**INSTRUCTIONS TO FOLLOW**
Down to the last line, restate the records word for word, but not the pictures.

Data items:
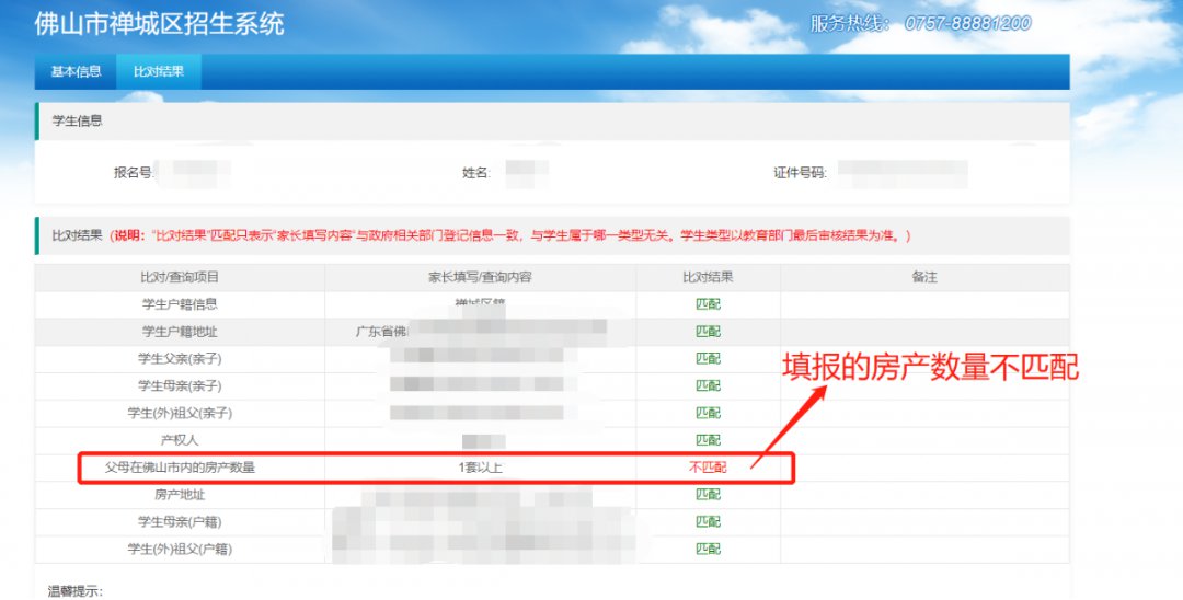 3、父母在佛山市内的房产数量不匹配。
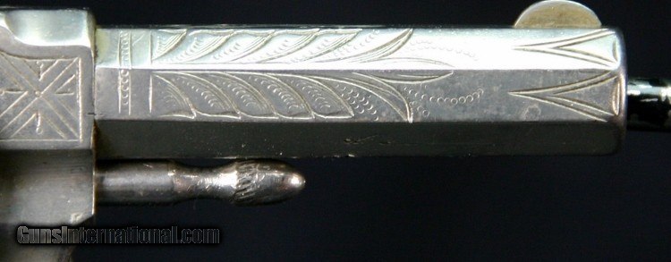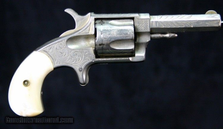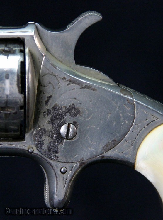Description: 38rf, 3 inch barrel, nickel finish, 2 piece pearl grips, leaf and scroll engraving, cover plate on left side has been buffed so engraving is "thin", circa 1870's. Condition: strong rifling, 90% nickel over all, some flaking on cylinder, excellent grips, factory marking excellent, mechanically excellent. SOLD Antique: Yes |
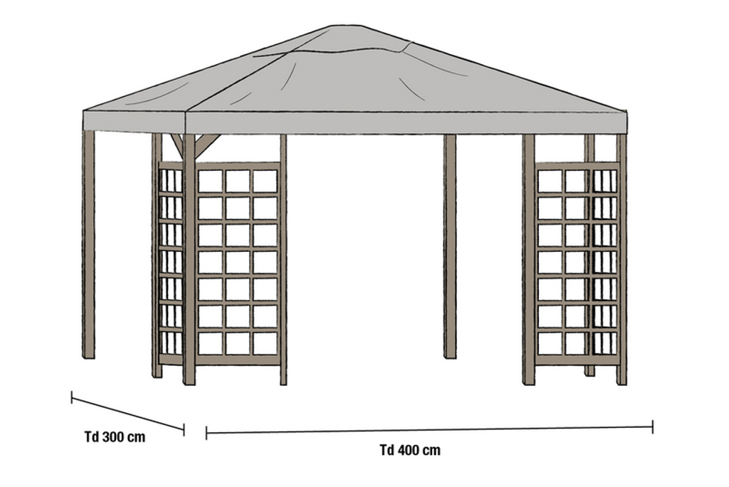 - Mått: Bredd 400 cm, Längd 300 cm, Djup 300 cm.
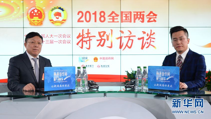 3月6日,全國人大代表、東風(fēng)汽車集團(tuán)有限公司技術(shù)中心主任談民強(qiáng)(左)做客新華網(wǎng)2018全國兩會特別訪談。新華網(wǎng) 楊濛/攝
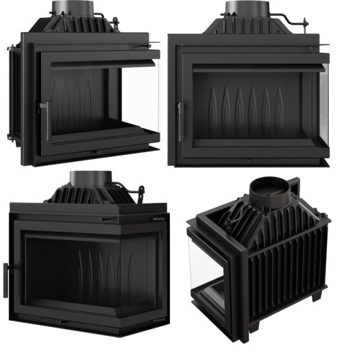Narożny wkład kominkowy o drzwiach typu BS (szyby łączone). Dzięki takiemu rozwiązaniu możesz podziwiać ogień z dwóch stron w dwóch pomieszczeniach jednocześnie. Idealne rozwiązanie do łączonych pomieszczeń.
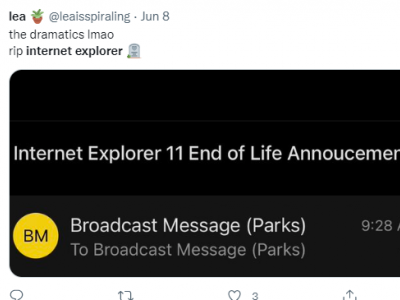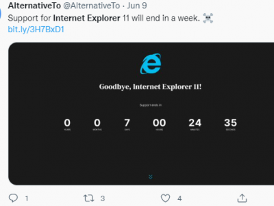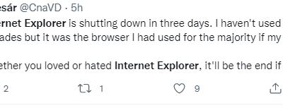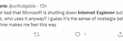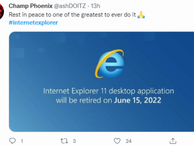 Microsoft 365 ने 17 अगस्त 2021 को इंटरनेट एक्स्प्लोरर के लिए समर्थन समाप्त कर दिया और माइक्रोसॉफ्ट टीम्स ने IE के लिए 30 नवंबर 2020 को समर्थन समाप्त कर दिया। रिपोर्टों के अनुसार, इंटरनेट एक्स्प्लोरर 15 जून 2022 को बंद करने के लिए तैयार है। वहीं, इंटरनेट एक्स्प्लोरर के बंद होने के बारे में जानकर सोशल मीडिया पर यूजर्स अपनी प्रतिक्रियाएं व्यक्त कर रहे हैं। यूजर्स इंटरनेट एक्स्प्लोरर को मिस करने की बातें कर रहे हैं।
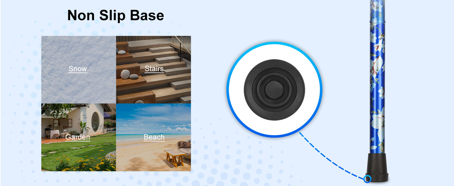 - Secure and Stable: the cane's tip is composed of robust TPR anti-slip material, ensuring exceptional traction and stability; the tip can be easily replaced with other types to fulfill diverse requirements
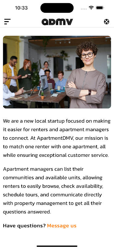 ApartmentDMV 是華盛頓特區、馬裡蘭州和維吉尼亞州地區租戶和物業經理的首選應用程式。無論您是在尋找下一套公寓還是管理可用單元,ApartmentDMV 都能讓流程無縫銜接。租客可以瀏覽清單、檢查可用性、安排旅行,並直接與物業經理或代理商聯繫以獲得即時支援。物業經理可以在一個便利的平台上輕鬆列出他們的社區、更新可用性並與潛在租戶溝通。透過 ApartmentDMV 尋找您的完美住宅或租戶——卓越的服務與 DMV 地區的輕鬆交通相結合。
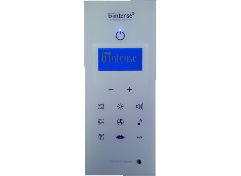 IR-Wärmekabinensteuerung bestehend aus Bedienteil mit Glasfront und "Touch" Schaltelementen und Leistungseinheit, örtlich von einander getrennt.
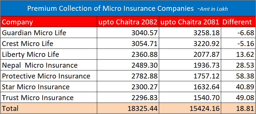 त्यस्तै, स्टार माइक्रो इन्स्योरेन्सले पनि ४०.८९ प्रतिशत बढाएर २३ करोड रुपैयाँ र ट्रस्ट माइक्रो इन्स्योरेन्सले ४९.०८ प्रतिशत बढाएर २२ करोड ९६ लाख रुपैयाँ बराबरको प्रिमियम संकलन गरेको छ ।
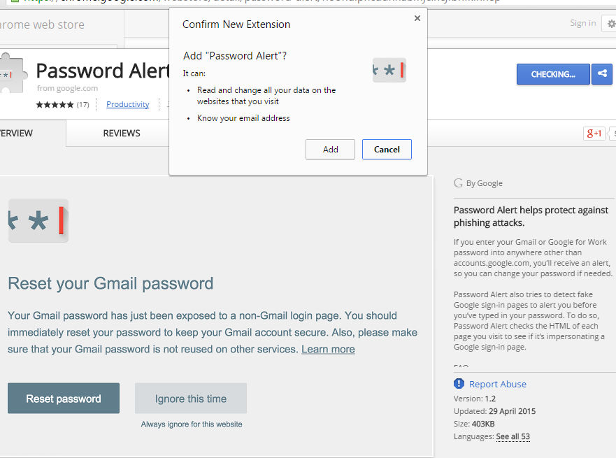 The extension, which only becomes functional once you’ve signed into your Google account, will throw up the metaphorical emergency flares whenever it notices you’ve entered your credentials into a rogue website.
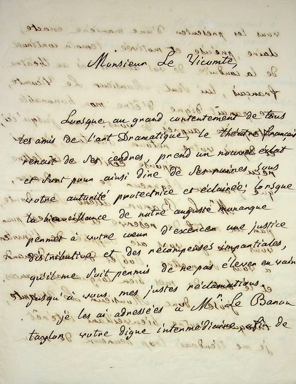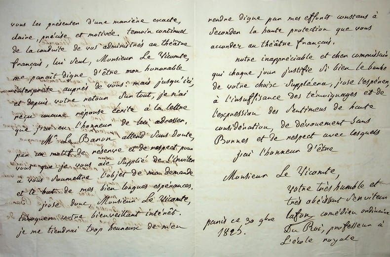 Pierre Rapenouille dit Lafon (1773-1846), fameux tragédien, sociétaire du théâtre français (Comédie-française), pensionnaire du roi. L.A.S., Paris, 30 novembre 1825, 3p in-4. Au vicomte Sosthènes de La Rochefoucauld (1785-1864), directeur des Beaux-Arts. Très belle lettre au moment où le baron Taylor est devenu administrateur de la Comédie-française : « Monsieur le Vicomte, Lorsque au grand contentement de tous les amis de l'art dramatique, le théâtre français renait de ses cendres, prend un nouvel éclat et sort pour ainsi dire de ses ruines sous votre autorité protectrice et éclairée ; lorsque la bienveillance de notre auguste monarque permet à votre coeur d'exercer une justice distributive et des récompenses impartiales, qu'il me soit permis de ne pas élever en vain jusqu'à vous mes justes réclamations. Je les ai adressées à Mr Le Baron Taylor votre digne intermédiaire, afin de vous les présenter d'une manière exacte, claire, précise et motivée. Témoin continuel de la conduite de vos administrés au théâtre français, lui seul, Monsieur Le Vicomte, me parait digne d'être mon honorable interprète auprès de vous : mais jusqu'ici, et depuis votre retour surtout, je n'ai reçu aucune réponse écrite à la lettre que j'ai eu l'honneur de lui adresser. Mr Le Baron attend sans doute par un motif de réserve et de respect pour vous que je vous aie supplié de l'inviter à vous soumettre l'objet de ma demande et le but de mes bien longues espérances. J'ose donc, Monsieur Le Vicomte, invoquer votre bienveillant intérêt. Je me tiendrai trop heureux de m'en rendre digne par mes efforts constants à seconder la haute protection que vous accordez au théâtre français. Notre inappréciable et cher commissaire qui chaque jour justifie si bien le bonheur de votre choix suppléance, j'ose l'espérer, à l'insuffisance des témoignages et de l'expression des sentiments de haute considération, de dévouement sans bornes et de respect avec lesquels j'ai l'honneur d'être, Monsieur Le Vicomte, votre très humble et très obéissant serviteur Lafon, comédien ordinaire du Roi, professeur à l'école royale ». Très beau courrier. [409]
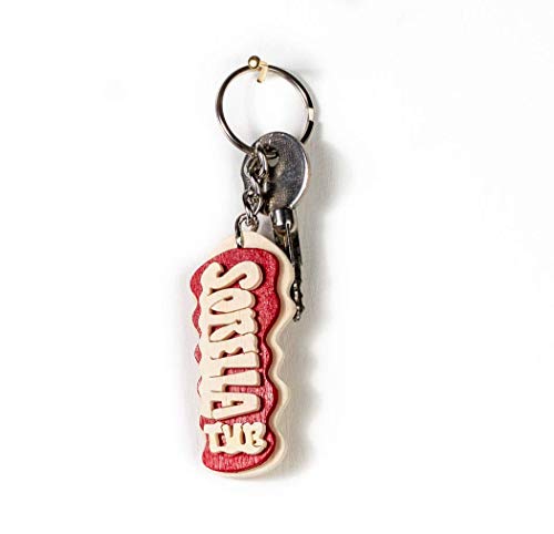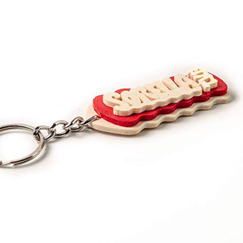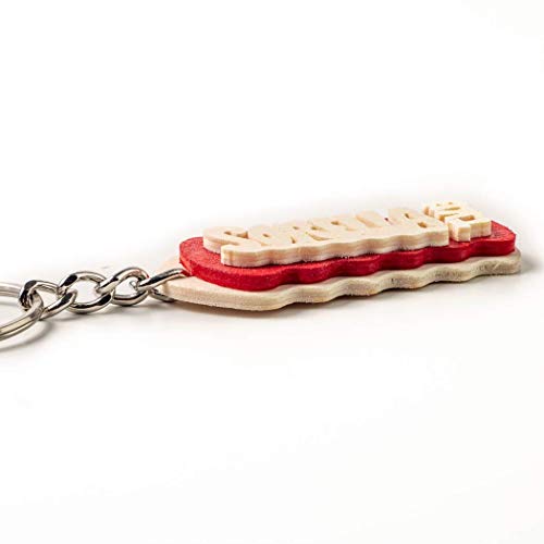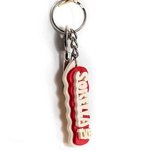 Portachiavi di legno intagliato a mano libera con il traforo con la scritta Sorella TVB, ideale per la grande e piccola sorella che si vuole tanto bene, fatto su tre strati di legno colorati e incollati uno sull'altro, sono resistenti e leggeri e non sono ingombranti e hanno una forma che non dà fastidio in tasca, portachiavi di colore rosso.

**RESPONSE TO THE TASK**
 3、父母在佛山市内的房产数量不匹配。
Description: 38rf, 3 inch barrel, nickel finish, 2 piece pearl grips, leaf and scroll engraving, cover plate on left side has been buffed so engraving is "thin", circa 1870's. Condition: strong rifling, 90% nickel over all, some flaking on cylinder, excellent grips, factory marking excellent, mechanically excellent. SOLD Antique: Yes |
 - Mått: Bredd 400 cm, Längd 300 cm, Djup 300 cm.
 3月6日,全國人大代表、東風(fēng)汽車集團(tuán)有限公司技術(shù)中心主任談民強(qiáng)(左)做客新華網(wǎng)2018全國兩會特別訪談。新華網(wǎng) 楊濛/攝
Narożny wkład kominkowy o drzwiach typu BS (szyby łączone). Dzięki takiemu rozwiązaniu możesz podziwiać ogień z dwóch stron w dwóch pomieszczeniach jednocześnie. Idealne rozwiązanie do łączonych pomieszczeń.
 Microsoft 365 ने 17 अगस्त 2021 को इंटरनेट एक्स्प्लोरर के लिए समर्थन समाप्त कर दिया और माइक्रोसॉफ्ट टीम्स ने IE के लिए 30 नवंबर 2020 को समर्थन समाप्त कर दिया। रिपोर्टों के अनुसार, इंटरनेट एक्स्प्लोरर 15 जून 2022 को बंद करने के लिए तैयार है। वहीं, इंटरनेट एक्स्प्लोरर के बंद होने के बारे में जानकर सोशल मीडिया पर यूजर्स अपनी प्रतिक्रियाएं व्यक्त कर रहे हैं। यूजर्स इंटरनेट एक्स्प्लोरर को मिस करने की बातें कर रहे हैं।
 - Secure and Stable: the cane's tip is composed of robust TPR anti-slip material, ensuring exceptional traction and stability; the tip can be easily replaced with other types to fulfill diverse requirements
 ApartmentDMV 是華盛頓特區、馬裡蘭州和維吉尼亞州地區租戶和物業經理的首選應用程式。無論您是在尋找下一套公寓還是管理可用單元,ApartmentDMV 都能讓流程無縫銜接。租客可以瀏覽清單、檢查可用性、安排旅行,並直接與物業經理或代理商聯繫以獲得即時支援。物業經理可以在一個便利的平台上輕鬆列出他們的社區、更新可用性並與潛在租戶溝通。透過 ApartmentDMV 尋找您的完美住宅或租戶——卓越的服務與 DMV 地區的輕鬆交通相結合。
 IR-Wärmekabinensteuerung bestehend aus Bedienteil mit Glasfront und "Touch" Schaltelementen und Leistungseinheit, örtlich von einander getrennt.
 त्यस्तै, स्टार माइक्रो इन्स्योरेन्सले पनि ४०.८९ प्रतिशत बढाएर २३ करोड रुपैयाँ र ट्रस्ट माइक्रो इन्स्योरेन्सले ४९.०८ प्रतिशत बढाएर २२ करोड ९६ लाख रुपैयाँ बराबरको प्रिमियम संकलन गरेको छ ।
 The extension, which only becomes functional once you’ve signed into your Google account, will throw up the metaphorical emergency flares whenever it notices you’ve entered your credentials into a rogue website.
 Pierre Rapenouille dit Lafon (1773-1846), fameux tragédien, sociétaire du théâtre français (Comédie-française), pensionnaire du roi. L.A.S., Paris, 30 novembre 1825, 3p in-4. Au vicomte Sosthènes de La Rochefoucauld (1785-1864), directeur des Beaux-Arts. Très belle lettre au moment où le baron Taylor est devenu administrateur de la Comédie-française : « Monsieur le Vicomte, Lorsque au grand contentement de tous les amis de l'art dramatique, le théâtre français renait de ses cendres, prend un nouvel éclat et sort pour ainsi dire de ses ruines sous votre autorité protectrice et éclairée ; lorsque la bienveillance de notre auguste monarque permet à votre coeur d'exercer une justice distributive et des récompenses impartiales, qu'il me soit permis de ne pas élever en vain jusqu'à vous mes justes réclamations. Je les ai adressées à Mr Le Baron Taylor votre digne intermédiaire, afin de vous les présenter d'une manière exacte, claire, précise et motivée. Témoin continuel de la conduite de vos administrés au théâtre français, lui seul, Monsieur Le Vicomte, me parait digne d'être mon honorable interprète auprès de vous : mais jusqu'ici, et depuis votre retour surtout, je n'ai reçu aucune réponse écrite à la lettre que j'ai eu l'honneur de lui adresser. Mr Le Baron attend sans doute par un motif de réserve et de respect pour vous que je vous aie supplié de l'inviter à vous soumettre l'objet de ma demande et le but de mes bien longues espérances. J'ose donc, Monsieur Le Vicomte, invoquer votre bienveillant intérêt. Je me tiendrai trop heureux de m'en rendre digne par mes efforts constants à seconder la haute protection que vous accordez au théâtre français. Notre inappréciable et cher commissaire qui chaque jour justifie si bien le bonheur de votre choix suppléance, j'ose l'espérer, à l'insuffisance des témoignages et de l'expression des sentiments de haute considération, de dévouement sans bornes et de respect avec lesquels j'ai l'honneur d'être, Monsieur Le Vicomte, votre très humble et très obéissant serviteur Lafon, comédien ordinaire du Roi, professeur à l'école royale ». Très beau courrier. [409]
 Portachiavi di legno intagliato a mano libera con il traforo con la scritta Sorella TVB, ideale per la grande e piccola sorella che si vuole tanto bene, fatto su tre strati di legno colorati e incollati uno sull'altro, sono resistenti e leggeri e non sono ingombranti e hanno una forma che non dà fastidio in tasca, portachiavi di colore rosso.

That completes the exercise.